It’s also important to remember that differential forms don’t have to be real-valued. For instance, we can think of a map $f: M \rightarrow \mathbb{R}^3$ that encodes the geometry of a surface as an $\mathbb{R}^3$-valued 0-form; its differential $df$ is then an $\mathbb{R}^3$-valued 1-form, etc. Likewise, when we say that a discrete differential form is a number stored on every mesh element, the word “number” is used in a fairly loose sense: a number could be a real value, a vector, a complex number, a quaternion, etc. For instance, the collection of $(x,y,z)$ vertex coordinates of a mesh can be viewed as an $\mathbb{R}^3$-valued discrete 0-form (namely, one that discretizes the map $f$). The only requirement, of course, is that we store the same type of number on each mesh element.

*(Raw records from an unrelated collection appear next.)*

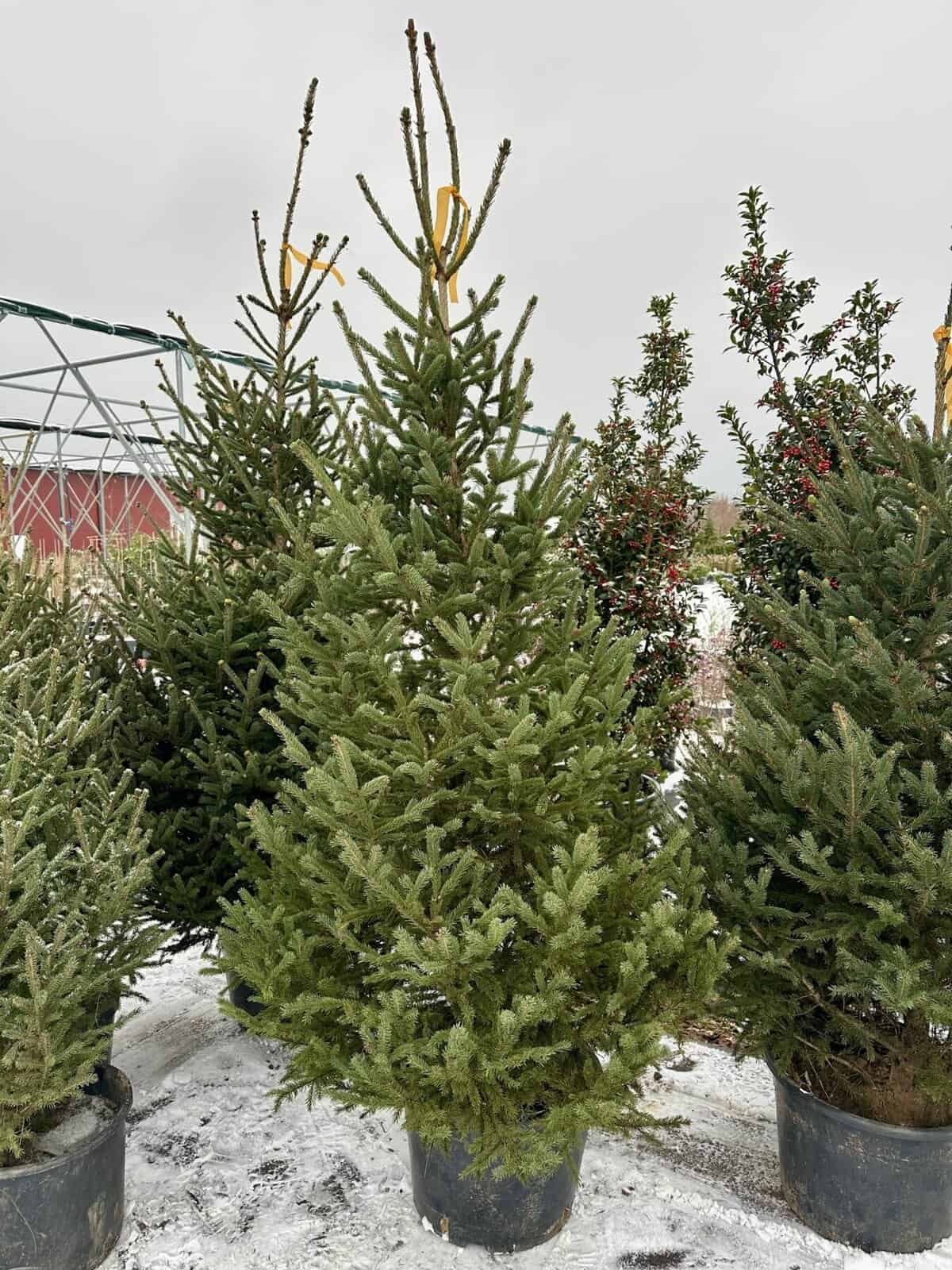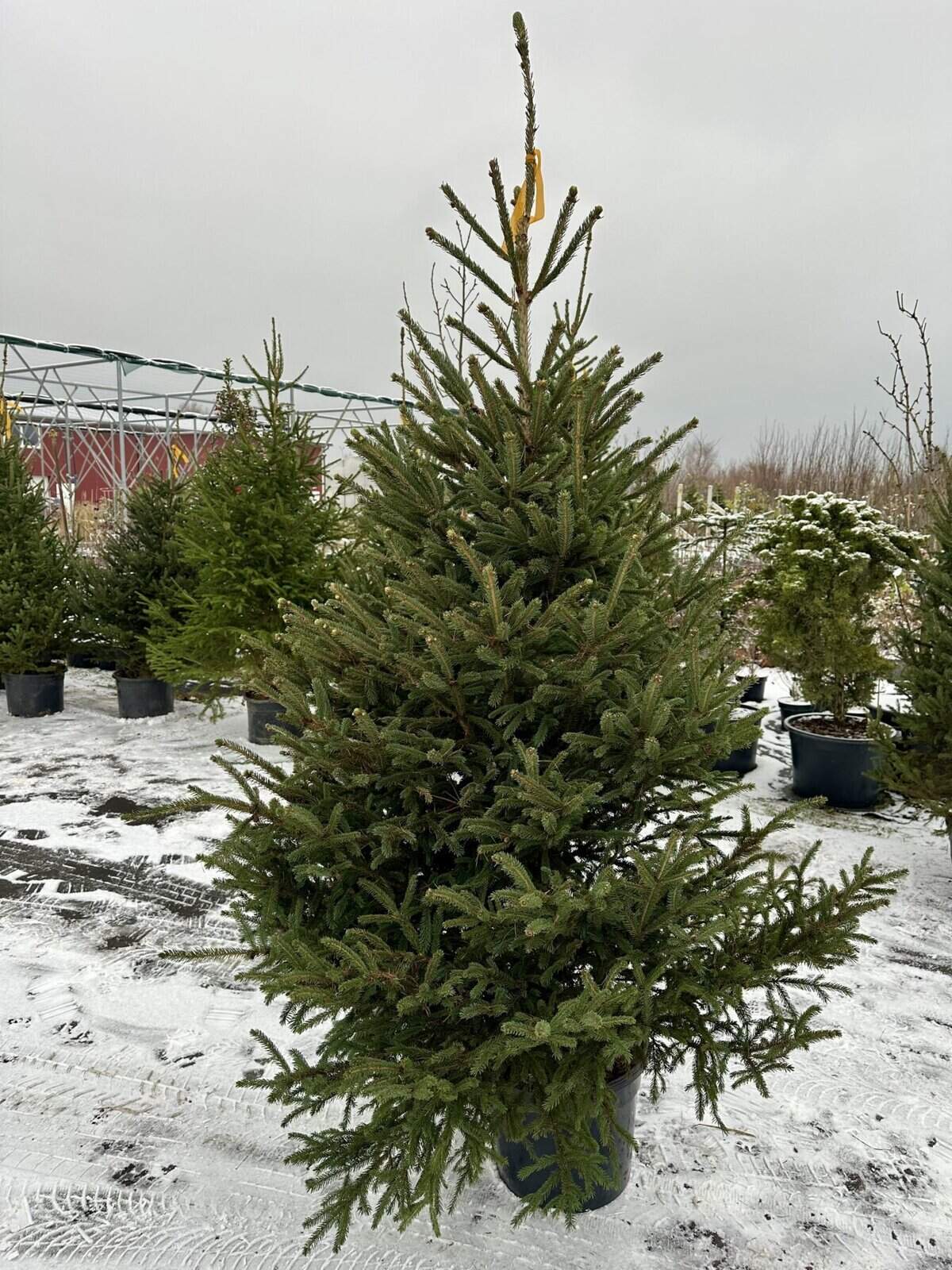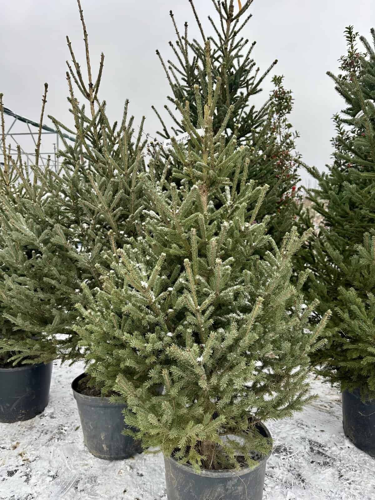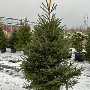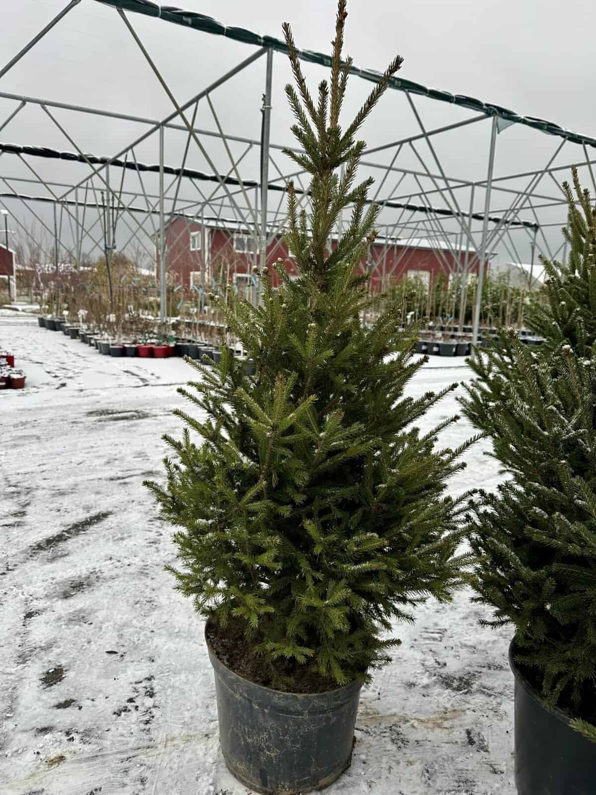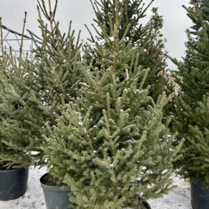 Baltoji eglė (Picea glauca) – viena populiariausių gyvų Kalėdinių eglučių dėl savo kompaktiškos, taisyklingos piramidinės formos, tankių melsvai žalių spyglių ir puikaus atsparumo šalčiui. Vazone ji išlaiko šviežią išvaizdą visą šventinį laikotarpį, nesilupa, neskilinėja ir mažai barsto spyglius.
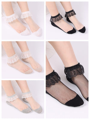 5 PCS Women's Daily Holiday Lace Spandex Nylon Toe Socks
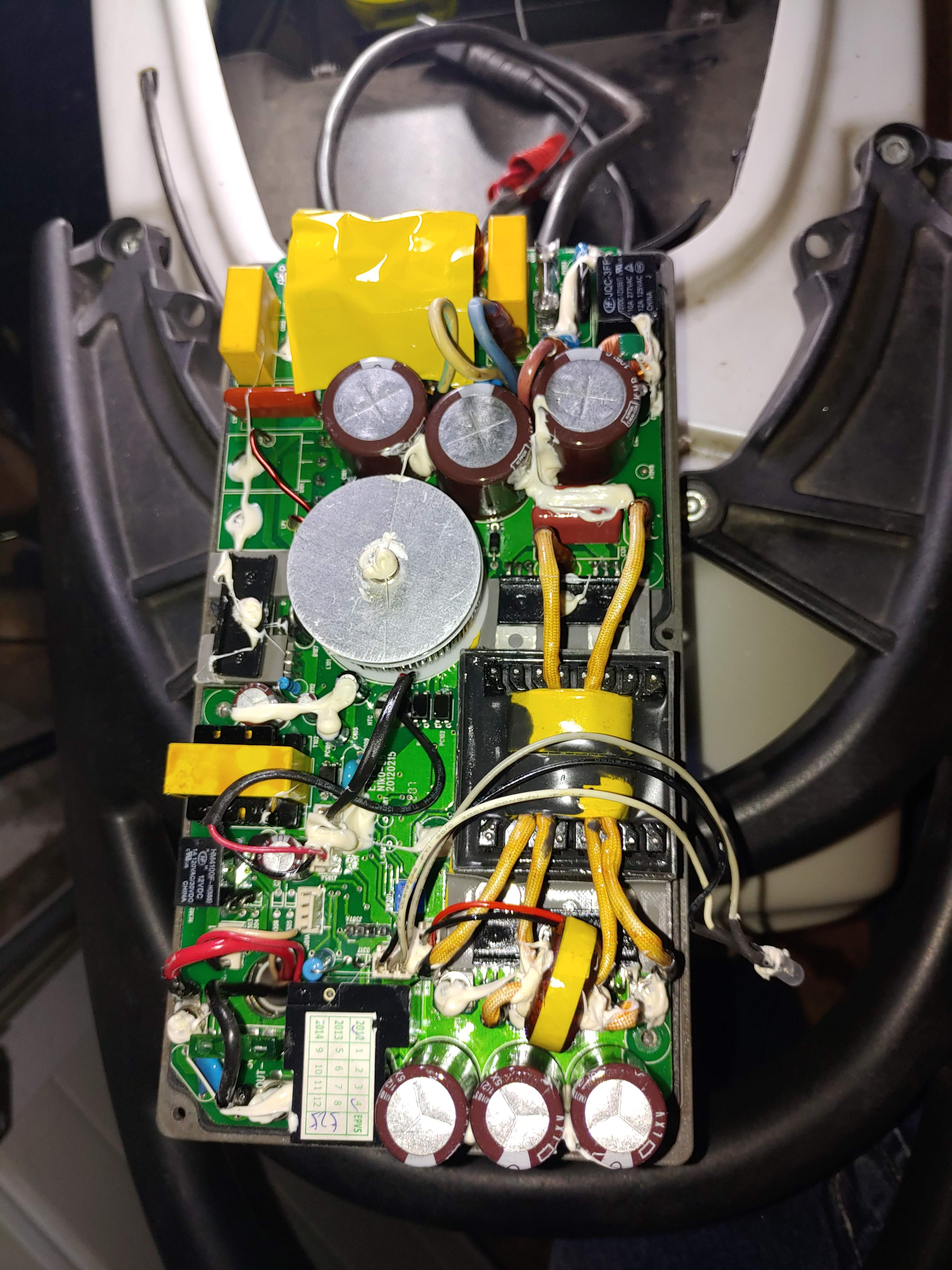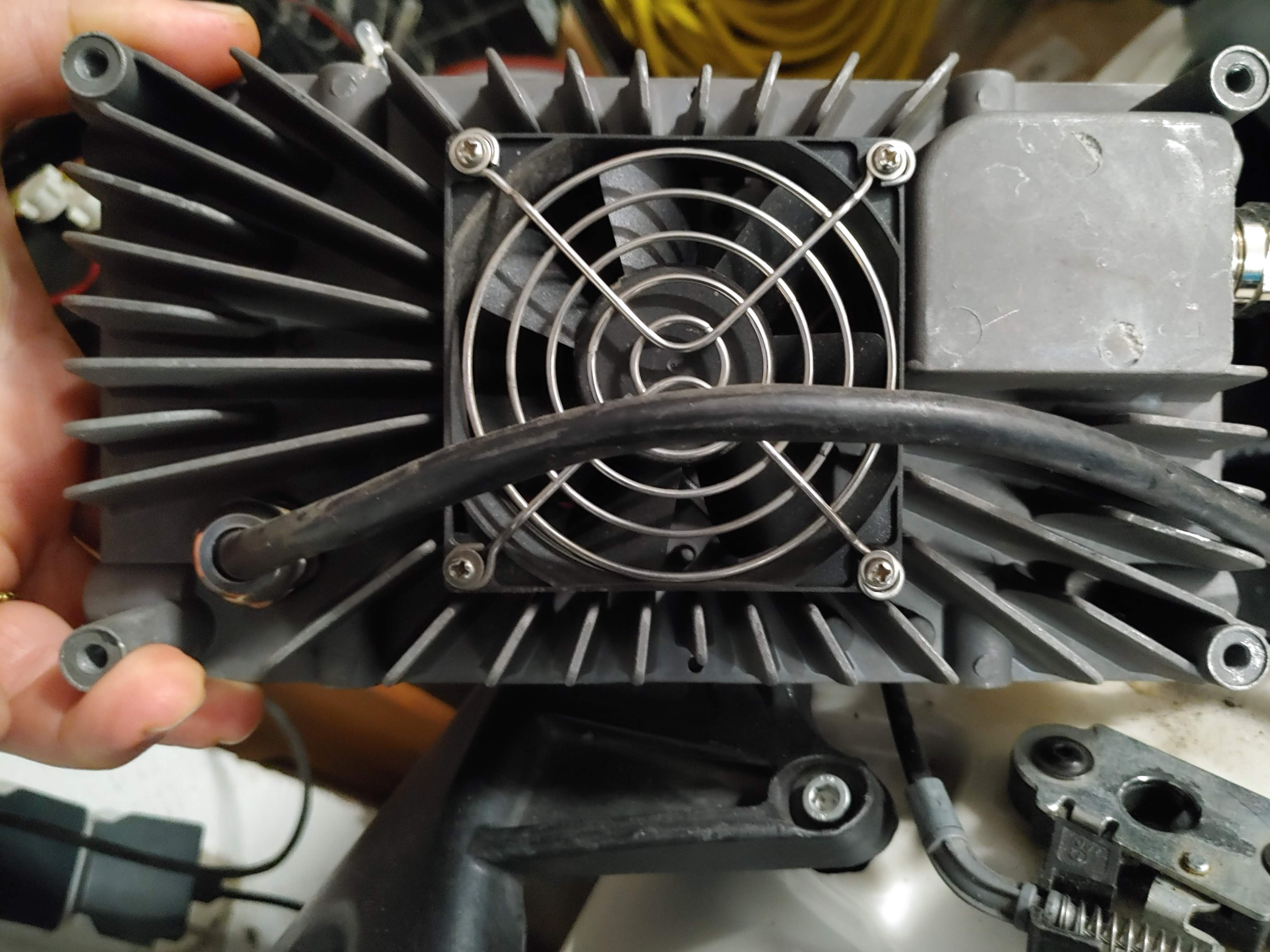 Hallo, danke für die Antwort, mein Ladegerät schaut etwas anders aus, hat außerdem einen Lüfter: Das Gerät war tatsächlich über dem Motor, auf der Blechplatte angeschraubt.MEroller hat geschrieben: ↑Sa 13. Feb 2021, 12:32Schwer zu sagen, wie und ob sich da eine Reparatur lohnt. Das Ding dürfte sich selbst zu Tode kochen beim laden. Ich hatte einen geregelten PC Lüfter draufgeschraubt, was ihn selten hat über 40°C kommen lassen:
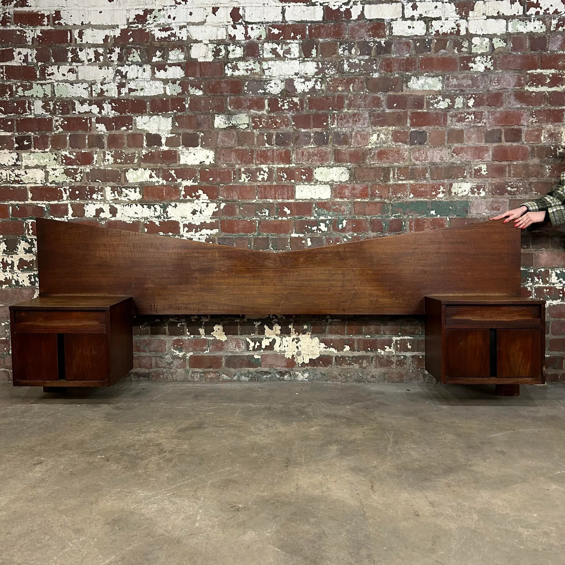 Craftsmen Queen Size Headboard With Floating Nightstands Walnut Curved

The Discrete Exterior Derivative

One of the main advantages of working with integrated (i.e., “discrete”) differential forms instead of point samples is that we can easily take advantage of Stokes’ theorem. Remember that Stokes’ theorem says

$\int_\Omega d\alpha = \int_{\partial\Omega} \alpha,$

for any $k$-form $\alpha$ and $k+1$-dimensional domain $\Omega$. In other words, we can integrate the derivative of a differential form as long as we know its integral along the boundary. But that’s exactly the kind of information encoded by a discrete differential form! For instance, if $\hat{\alpha}$ is a discrete 1-form stored on the three edges of a triangle $\sigma$, then we have

$\int_\sigma d\alpha = \int_{\partial\sigma} \alpha = \sum_{i=1}^3 \int_{e_i} \alpha = \sum_{i=1}^3 \hat{\alpha}_i.$

In other words, we can exactly evaluate the integral on the left by just adding up three numbers. Pretty cool! In fact, the thing on the left is also a discrete differential form: it’s the 2-form $d\alpha$ integrated over the only triangle in our mesh. So for convenience, we’ll call this guy “$\hat{d}\hat{\alpha}$”, and we’ll call the operation $\hat{d}$ the discrete exterior derivative. (In the future we will drop the hats from our notation when the meaning is clear from context.) In other words, the discrete exterior derivative takes a $k$-form that has already been integrated over each $k$-simplex and applies Stokes’ theorem to get the integral of the derivative over each $k+1$-simplex.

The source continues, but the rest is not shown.